Il rosso indica la presenza di licopene e antocianine, che favoriscono la naturale protezione delle cellule dai radicali liberi.
Il giallo arancio è fonte di carotenoidi e flavonoidi che aiutano a proteggere la vista, possono prevenire l’invecchiamento cellulare e rafforzare la risposta immunitaria.
Il verde indica la presenza di clorofilla, magnesio, acido folico, carotenoidi e polifenoli che aiutano a rinforzare i vasi sanguigni, le ossa, i denti e possono migliorare la funzionalità del sistema nervoso.
Il viola-blu indica la presenza di antocianine, potassio e magnesio che possono combattere la fragilità capillare e prevenire l’aterosclerosi, aiutando a migliorare la memoria..
Il bianco garantisce un apporto di quercitina, composti solforati, flavonoidi, potassio e selenio che possono regolare i livelli di colesterolo, mantenere la fluidità del sangue oltre ad avere effetti benefici sul tessuto osseo.


Preparazione e consumo a crudo


Frutta e verdura apportano le maggiori percentuali di nutrienti se mondati correttamente e consumati crudi.

  • Nella parte periferica della verdura si trovano la maggioranza dei nutrienti contenuti, quindi nel rimuovere la parte esterna del vegetale, guasta o avvizzita occorre fare attenzione ad asportare la quantità minore possibile della parte periferica come quando si pelano sedani, carote o si tolgono le foglie esterne di spinaci, lattuga, ecc..
  • La verdura mondata e mangiata cruda dona la massima percentuale dei suoi nutrienti e antiossidanti, su 10 porzioni consumate è bene che 8 siano crude .
  • Mangiare la frutta con la buccia, quando questa è commestibile, è una buona abitudine perché aumenta l’apporto di fibra. La buccia protegge il frutto e preserva le vitamine contenute nella polpa dall’ossidazione (aria e luce), se si mangia a pezzi o pelata è buona regola mangiarla subito, stessa cosa dicasi per le spremute o i frullati da consumarsi appena fatti.

Cottura


Alcune verdure si cuociono per ammorbidire la cellulosa e renderle maggiormente commestibili. I metodi di cottura più usati sono la bollitura, il vapore, la griglia, il forno; durante la cottura si possono perdere parti importanti di minerali, vitamine e principi nutritivi solubili in acqua e soggetti a deterioramento per esposizione al calore.
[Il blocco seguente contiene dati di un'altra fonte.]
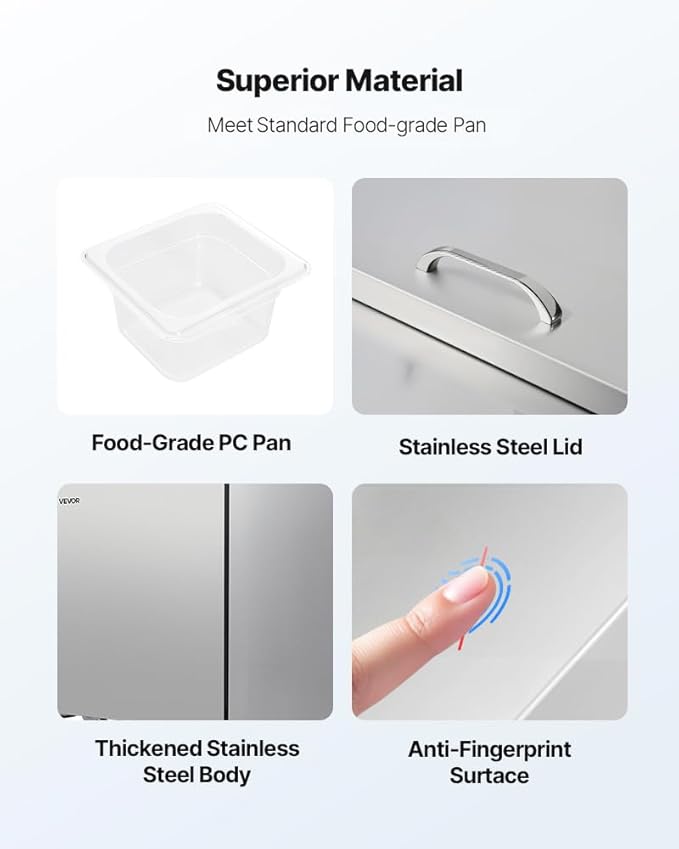 - Premium Material: Food-grade PC pans meet ANSI tested standards, providing peace of mind for food storage. The sandwich fridge with stainless steel build is durable and easy to clean, with brake casters for smooth mobility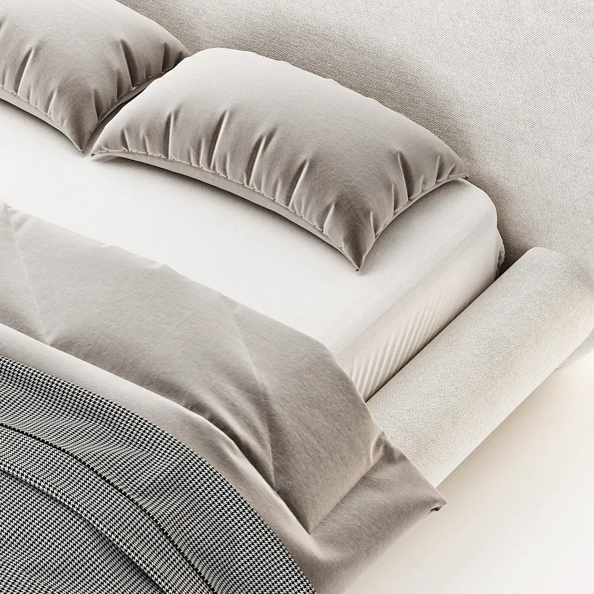 Складки на подушках слишком резко выполнены, нужно смягчить. Ткань так едва ли может натягиваться. Неправильная форма изголовья, линии уходят от правильных изгибов. Наполнение изголовья тоже вызывает вопросы. Остальное ОК.

  • Durante la bollitura si disciolgono in acqua i minerali e vitamine idrosolubili come la C e quelle del gruppo B, soggette anche a deterioramento a causa del calore . I minerali si possono recuperare se le verdure vengono consumate con l’acqua di bollitura.
  • La cottura al vapore mantiene le verdure e la frutta distante dall’acqua evitando che si disciolgano i nutrienti. Alcune vitamine però, a causa del calore, sono soggette a deperimento perciò, per preservarle in maggiore quantità, la cottura al vapore dovrebbe essere il più breve possibile. Con la pentola a pressione si può ottenere una cottura simile a quella con il cestello perforato con il vantaggio di raggiungere la cottura in minor tempo. Cuocere al forno, alla griglia o alla piastra produce un deterioramento a causa del calore e dell’acqua che fuoriesce da frutta e verdura che porta con sé parte dei minerali e delle vitamine. Anche in questo caso la cottura dovrebbe essere il più breve possibile. In ogni caso le verdure e la frutta cotte poco (al dente) preservano di più le sostanze nutritive. La frutta al forno mangiata con la buccia preserva le fibre in quantità simile a quella cruda.